**ACTIVITY:**
The lines below starting at the line containing "Kayseri'nin 8 ilçesinde" and ending at the line containing "Baby Girl Long" are to be repeated exactly, with both ends kept and nothing else added.

**DATA TO EXAMINE:**
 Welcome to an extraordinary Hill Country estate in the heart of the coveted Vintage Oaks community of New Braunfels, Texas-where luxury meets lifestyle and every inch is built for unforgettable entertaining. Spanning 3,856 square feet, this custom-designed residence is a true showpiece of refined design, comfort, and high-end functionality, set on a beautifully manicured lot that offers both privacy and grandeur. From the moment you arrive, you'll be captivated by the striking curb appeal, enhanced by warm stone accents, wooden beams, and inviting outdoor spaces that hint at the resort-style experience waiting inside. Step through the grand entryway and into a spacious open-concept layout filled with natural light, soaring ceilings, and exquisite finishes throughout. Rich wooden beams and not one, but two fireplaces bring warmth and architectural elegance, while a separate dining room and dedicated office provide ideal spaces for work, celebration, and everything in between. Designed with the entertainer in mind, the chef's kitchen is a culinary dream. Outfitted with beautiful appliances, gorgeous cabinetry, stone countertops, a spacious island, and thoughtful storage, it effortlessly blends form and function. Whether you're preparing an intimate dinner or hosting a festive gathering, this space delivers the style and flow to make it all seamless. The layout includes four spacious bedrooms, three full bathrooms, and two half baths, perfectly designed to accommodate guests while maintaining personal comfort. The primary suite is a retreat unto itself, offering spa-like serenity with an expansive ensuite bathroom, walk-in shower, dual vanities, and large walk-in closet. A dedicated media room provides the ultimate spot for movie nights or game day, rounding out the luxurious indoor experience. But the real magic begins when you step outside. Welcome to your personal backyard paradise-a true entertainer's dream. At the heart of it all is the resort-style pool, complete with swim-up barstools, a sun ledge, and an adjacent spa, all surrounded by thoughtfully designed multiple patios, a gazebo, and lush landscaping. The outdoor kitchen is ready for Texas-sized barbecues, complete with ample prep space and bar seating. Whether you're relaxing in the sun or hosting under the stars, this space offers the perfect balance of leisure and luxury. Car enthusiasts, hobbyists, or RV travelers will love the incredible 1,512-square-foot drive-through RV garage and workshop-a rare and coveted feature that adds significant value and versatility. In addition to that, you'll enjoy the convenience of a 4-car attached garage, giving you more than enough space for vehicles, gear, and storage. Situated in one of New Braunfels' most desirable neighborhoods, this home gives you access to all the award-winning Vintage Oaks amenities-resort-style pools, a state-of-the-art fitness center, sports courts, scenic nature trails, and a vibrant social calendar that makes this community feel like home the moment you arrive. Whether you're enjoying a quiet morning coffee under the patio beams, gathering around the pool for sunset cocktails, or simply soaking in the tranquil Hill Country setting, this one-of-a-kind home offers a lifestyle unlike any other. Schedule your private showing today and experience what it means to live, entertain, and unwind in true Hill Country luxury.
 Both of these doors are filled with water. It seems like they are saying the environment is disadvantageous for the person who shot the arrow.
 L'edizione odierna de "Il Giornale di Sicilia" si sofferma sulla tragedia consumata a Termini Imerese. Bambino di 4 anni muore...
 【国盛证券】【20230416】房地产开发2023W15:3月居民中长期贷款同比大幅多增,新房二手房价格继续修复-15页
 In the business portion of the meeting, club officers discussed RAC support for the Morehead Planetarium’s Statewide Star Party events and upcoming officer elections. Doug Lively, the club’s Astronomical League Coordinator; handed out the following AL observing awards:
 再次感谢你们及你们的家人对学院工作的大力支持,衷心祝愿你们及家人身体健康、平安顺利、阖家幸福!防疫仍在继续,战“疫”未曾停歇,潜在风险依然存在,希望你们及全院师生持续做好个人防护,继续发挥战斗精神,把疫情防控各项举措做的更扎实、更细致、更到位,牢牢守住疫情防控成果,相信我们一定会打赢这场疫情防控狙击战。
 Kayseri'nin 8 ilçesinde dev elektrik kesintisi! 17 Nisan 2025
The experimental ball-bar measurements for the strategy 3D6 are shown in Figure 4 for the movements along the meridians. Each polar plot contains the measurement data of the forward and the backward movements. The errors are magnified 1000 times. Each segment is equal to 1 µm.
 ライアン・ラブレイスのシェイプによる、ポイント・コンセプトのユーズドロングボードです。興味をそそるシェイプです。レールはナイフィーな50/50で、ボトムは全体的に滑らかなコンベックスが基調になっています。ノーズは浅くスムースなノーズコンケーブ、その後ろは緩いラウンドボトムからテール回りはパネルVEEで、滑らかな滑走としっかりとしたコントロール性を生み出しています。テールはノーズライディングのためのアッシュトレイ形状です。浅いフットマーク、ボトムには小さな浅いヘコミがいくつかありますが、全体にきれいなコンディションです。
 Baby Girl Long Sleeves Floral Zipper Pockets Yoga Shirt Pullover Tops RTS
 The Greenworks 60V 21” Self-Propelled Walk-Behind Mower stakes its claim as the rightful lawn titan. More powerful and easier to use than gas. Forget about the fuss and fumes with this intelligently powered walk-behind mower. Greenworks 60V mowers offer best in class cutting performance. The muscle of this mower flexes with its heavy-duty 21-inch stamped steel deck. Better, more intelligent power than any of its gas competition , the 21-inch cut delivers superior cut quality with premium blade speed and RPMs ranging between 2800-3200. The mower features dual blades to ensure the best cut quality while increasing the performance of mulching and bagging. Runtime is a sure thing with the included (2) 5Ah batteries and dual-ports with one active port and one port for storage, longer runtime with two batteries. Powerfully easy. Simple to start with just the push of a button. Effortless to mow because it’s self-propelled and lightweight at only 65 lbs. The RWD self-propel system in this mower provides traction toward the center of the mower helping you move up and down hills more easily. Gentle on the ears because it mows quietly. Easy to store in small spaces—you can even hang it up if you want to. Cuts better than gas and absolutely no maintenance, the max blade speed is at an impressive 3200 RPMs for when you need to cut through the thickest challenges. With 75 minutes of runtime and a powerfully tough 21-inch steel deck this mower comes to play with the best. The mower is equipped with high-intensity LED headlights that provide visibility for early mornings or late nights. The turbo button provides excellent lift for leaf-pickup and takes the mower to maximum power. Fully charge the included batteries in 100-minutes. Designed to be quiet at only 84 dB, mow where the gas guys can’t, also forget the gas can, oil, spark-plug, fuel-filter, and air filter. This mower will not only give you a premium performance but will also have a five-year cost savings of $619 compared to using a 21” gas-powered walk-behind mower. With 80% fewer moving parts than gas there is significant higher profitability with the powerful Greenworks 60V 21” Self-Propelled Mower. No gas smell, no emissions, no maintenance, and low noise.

**YOUR SOLUTION:**
 Kayseri'nin 8 ilçesinde dev elektrik kesintisi! 17 Nisan 2025
The experimental ball-bar measurements for the strategy 3D6 are shown in Figure 4 for the movements along the meridians. Each polar plot contains the measurement data of the forward and the backward movements. The errors are magnified 1000 times. Each segment is equal to 1 µm.
 ライアン・ラブレイスのシェイプによる、ポイント・コンセプトのユーズドロングボードです。興味をそそるシェイプです。レールはナイフィーな50/50で、ボトムは全体的に滑らかなコンベックスが基調になっています。ノーズは浅くスムースなノーズコンケーブ、その後ろは緩いラウンドボトムからテール回りはパネルVEEで、滑らかな滑走としっかりとしたコントロール性を生み出しています。テールはノーズライディングのためのアッシュトレイ形状です。浅いフットマーク、ボトムには小さな浅いヘコミがいくつかありますが、全体にきれいなコンディションです。
 Baby Girl Long Sleeves Floral Zipper Pockets Yoga Shirt Pullover Tops RTS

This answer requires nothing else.